Сколько раз, на протяжении скольких лет Ивану Ивановичу приходилось в размышлениях о минувшем останавливаться перед несходящимися концами, перед противоборствующими противоречиями, руками в бессилии разводить или, бесясь, чертыхаться, — пока не открылось ему вот что: именно там, в этой проклятущей точке, где конец самым непостижимым образом не соглашается сойтись с концом, там-то и наметилась разгадка, притаилась нагая суть, нащупалось ядрышко. И когда трезвый логик вдруг проявляет в чем-то истинно ребяческую наивность, прямодушный человек лукавит и крутит, а умный свершает то, что противится его же уму, тут самое время не сердиться или смеяться… Впрочем, отчего бы и нет? Лишь бы, насмеявшись и насердившись, задуматься.

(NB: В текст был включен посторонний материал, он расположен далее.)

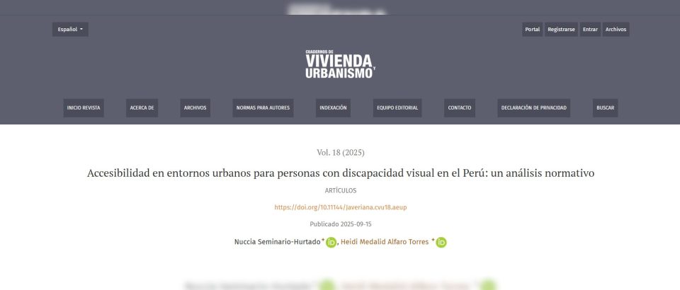El artículo analiza la accesibilidad e inclusión de las personas con discapacidad visual en entornos urbanos de nuestro país. Por: Raúl Ángeles, redacción CampUCSS La Dra. Nuccia Seminario, encargada del Departamento de Investigación de la Facultad de Derecho y Ciencias Políticas (FDCP) de la UCSS, y la alumna Heidi Alfaro, de la misma facultad, publicaron … Sigue leyendo Docente y estudiante UCSS publican artículo en revista indexada en Web of Science

Уже в Петербурге, на следствии, им, Славянам, не однажды привелось узнать от злорадствующих допросителей, что союзное им Южное общество, завлекая к союзу, говорило не всю правду. Сила южан оказалась совсем не столь внушительной, как обещалось, — ну, положим, тут был более самообман, чем обман, ослепление ли безоглядной храбрости или душевная доверчивость их вождей, на что можно сетовать, но нельзя объявить злоумышлением. Было, однако, не только это.

Что поделаешь, было…

«…Объясните откровенно:…от кого, когда и где именно вы сами слышали на счет одобрения конституции иностранными публицистами и точно ли князь Трубецкой, а не другой кто из членов возил ее за границу и в какое время?

Генерал-адъютант Чернышев».

«Я точно сие говорил Славянам в Лещинском лагере. Вот по какой причине.

Дабы присоединить их к нашему Обществу, нужно было им представить, что у нас уже все обдумано и готово. Ежели бы я им сказал, что конституция написана одним из членов и никем знаменитым не одобрена, то Славяне, никогда об уме Пестелевом не слыхавшие, усумнились бы в доброте его сочинения. Тем более что Спиридов, которому я давал выписки из «Русской Правды», написал было на многие пункты свои возражения;…итак, для прекращения уже начавшихся толкований и для предупреждения новых я сказал, что к. Трубецкой нарочно был послан в чужие края для показания сей конституции знаменитейшим публицистам и что они ее совершенно одобрили…

Назвал же я Славянам Трубецкого, а не другого, потому что из членов он один возвратился из чужих краев; что, живши в Киеве, куда Славяне могли прислать депутата, Трубецкой мог бы подтвердить говоренное мною, и что, быв человеком зрелых лет и полковничьего чина, он бы вселил более почтения и доверенности, нежели 23-летний подпоручик.

Подпоручик Михаил Бестужев-Рюмин».

…И, казалось, ничего не остается, как горько винить союзников, зовущих к доверию, но не доверяющих, — если б не новая странность, все те же несходящиеся концы.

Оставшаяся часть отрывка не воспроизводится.